Portfolio Maintenance Requirements

The applicant must comply with the portfolio maintenance requirements set out in the Rules, including:-

  • The Permissible Financial Assets must be deposited into an account operated by an eligible financial intermediary, which must be one of the following:-
    • Authorised Institution as defined in the Banking Ordinance (Cap. 155 of the Laws of Hong Kong);
    • Corporation licensed to perform Type 1 or Type 9 regulated activities under the Securities and Futures Ordinance (Cap. 571 of the Laws of Hong Kong); or
    • Insurer permitted to carry on Class C business as specified in Part 2 of Schedule 1 under the Insurance Ordinance (Cap. 41 of the Laws of Hong Kong).
  • The applicant may maintain a maximum of three accounts, each with a different category of financial intermediary set out above.
  • The account for holding the Permissible Financial Assets must be under the applicant's name.
  • If the market value of Permissible Investment Assets rises above HK$30 million, the applicant is not allowed to withdraw any capital gain. However, the applicant is allowed to withdraw cash dividend income, interest income and rental income derived from the Permissible Investment Assets.
No Adverse Record
No adverse immigration record and meets normal immigration and security requirements.
Financial Support
Capable of supporting and accommodating himself and his dependants, if any, on his own without any return on the Permissible Investment Assets, employment, self-employment, business or public assistance in Hong Kong.


As distinct from other immigration or admission schemes, the New CIES focuses narrowly on capital investments, with minimal additional requirements. In contrast, other immigration channels (such as the Top Talent Pass Scheme) take into account the education background, work experience and annual income of applicants, which will continue to apply as separate schemes in parallel with the New CIES.

2. Investments in Non-Residential Real Estate under the New CIES

We received a number of enquiries on the New CIES relating to non-residential real estate being a Permissible Investment Asset. The following paragraphs elaborate certain key aspects of the Rules regarding non-residential real estate.

2.1. Non-residential Real Estate

Under the Rules, investments in non-residential real estate, subject to a cap of HK$10 million, are qualified as Permissible Investment Assets. In other words, an applicant may acquire non-residential real estate of a higher value, but only HK$10 million will be counted towards Permissible Investment Assets under the New CIES.

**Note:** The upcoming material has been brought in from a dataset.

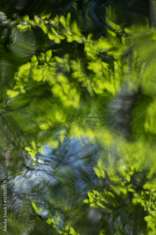Bright green leaves shimmer on the water’s surface, creating a captivating and serene visual dance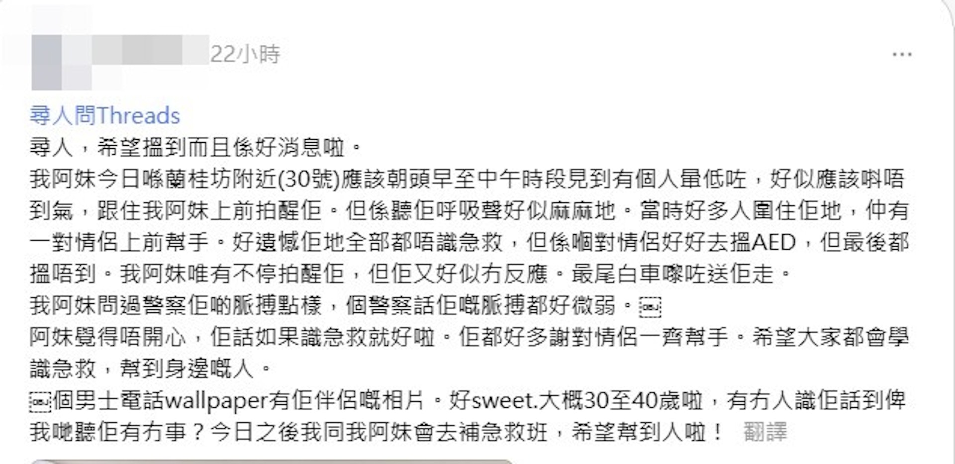 該名有份協助報案及施援的女途人,其家人今日(30日)凌晨在Threads「尋人」,希望暈倒男子大步檻過,「我妹妹確實都好驚,但當時無咩人上前幫手,冷靜完就上前幫佢。我妹妹想抬高佢對腳,但係有路人話唔好掂佢,所以佢唯一可以做就係不斷拍醒佢。」公仔箱論壇- R7 k% O# N6 `2 g5 T! t8 D

Regarding the scope of non-residential real estate, pre-completion non-residential properties and real estate of mixed commercial and industrial uses are eligible. However, it does not include multi-purpose real estate partly for residential use.

2.2. Restriction on Ownership

An applicant must hold the non-residential real estate in one of the following ways:-

  • in the applicant's own name;
  • through a sole proprietorship under the applicant's name; or
  • through a company of which the applicant is the sole shareholder.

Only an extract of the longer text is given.